◆ **What to work on**
Data follows below. Repeat exactly the lines between the line holding "Utanför galleriet ringer" and the line holding "Das Ferienhaus verfügt", inclusive, and nothing more; drop pictures.

◆ **Material for the task**

*** Block opens ***

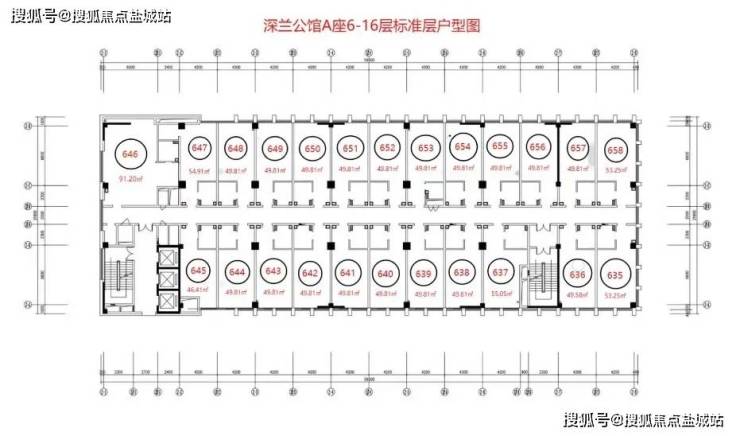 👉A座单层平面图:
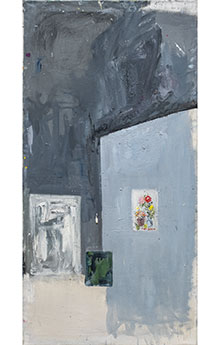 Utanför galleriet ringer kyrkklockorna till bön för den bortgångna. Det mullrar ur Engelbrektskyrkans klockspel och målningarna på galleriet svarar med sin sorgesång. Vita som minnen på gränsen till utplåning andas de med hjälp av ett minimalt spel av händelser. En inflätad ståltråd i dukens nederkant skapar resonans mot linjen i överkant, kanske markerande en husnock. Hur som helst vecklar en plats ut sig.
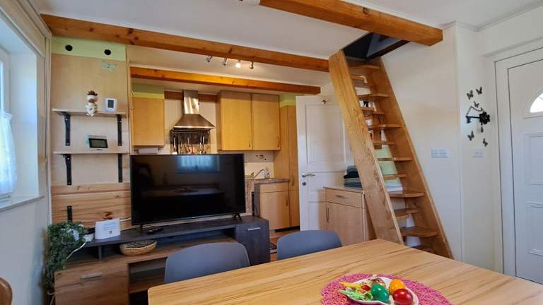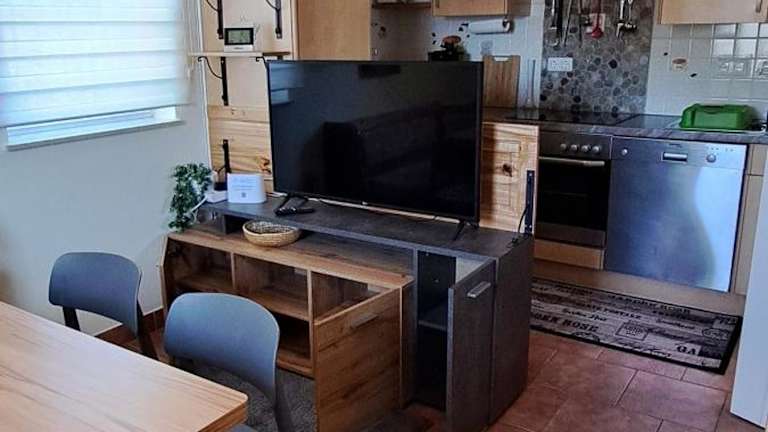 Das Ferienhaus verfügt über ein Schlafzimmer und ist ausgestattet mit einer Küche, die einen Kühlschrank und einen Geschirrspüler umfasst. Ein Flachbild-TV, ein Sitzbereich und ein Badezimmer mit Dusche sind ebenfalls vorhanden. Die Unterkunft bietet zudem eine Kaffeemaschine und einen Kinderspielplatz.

*** Block closes ***
*** Block opens ***

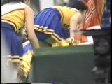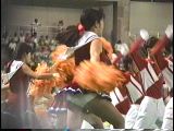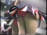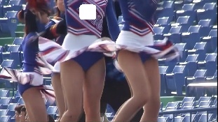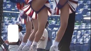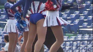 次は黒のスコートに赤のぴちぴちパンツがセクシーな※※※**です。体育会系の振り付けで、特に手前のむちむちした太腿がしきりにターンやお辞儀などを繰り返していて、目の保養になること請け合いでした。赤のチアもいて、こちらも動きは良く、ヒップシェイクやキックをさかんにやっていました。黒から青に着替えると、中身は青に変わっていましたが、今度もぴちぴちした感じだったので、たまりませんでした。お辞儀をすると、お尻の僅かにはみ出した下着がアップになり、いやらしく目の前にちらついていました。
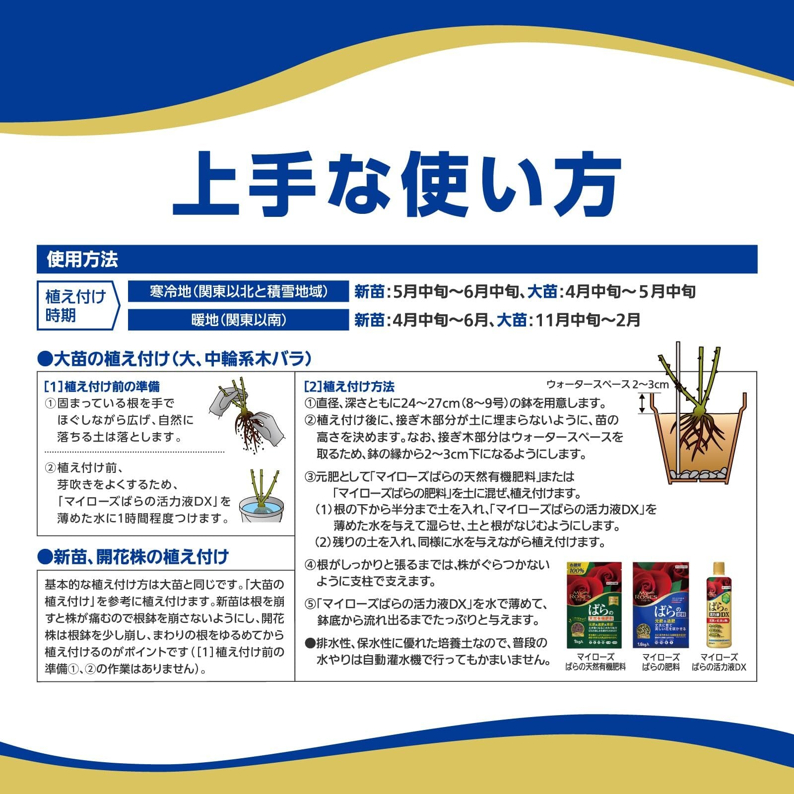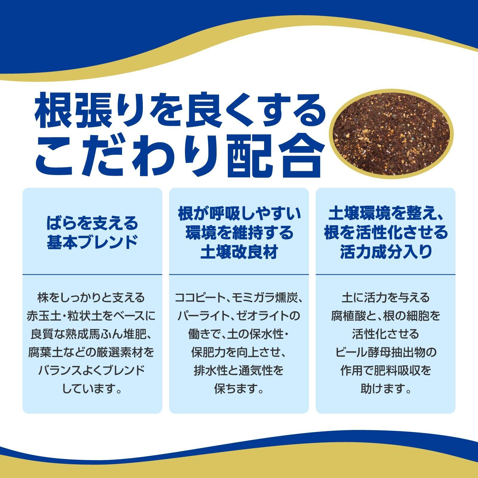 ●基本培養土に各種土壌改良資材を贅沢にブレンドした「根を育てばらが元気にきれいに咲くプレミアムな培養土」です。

*** Block closes ***

◆ **Finished task**
 Utanför galleriet ringer kyrkklockorna till bön för den bortgångna. Det mullrar ur Engelbrektskyrkans klockspel och målningarna på galleriet svarar med sin sorgesång. Vita som minnen på gränsen till utplåning andas de med hjälp av ett minimalt spel av händelser. En inflätad ståltråd i dukens nederkant skapar resonans mot linjen i överkant, kanske markerande en husnock. Hur som helst vecklar en plats ut sig.
 Das Ferienhaus verfügt über ein Schlafzimmer und ist ausgestattet mit einer Küche, die einen Kühlschrank und einen Geschirrspüler umfasst. Ein Flachbild-TV, ein Sitzbereich und ein Badezimmer mit Dusche sind ebenfalls vorhanden. Die Unterkunft bietet zudem eine Kaffeemaschine und einen Kinderspielplatz.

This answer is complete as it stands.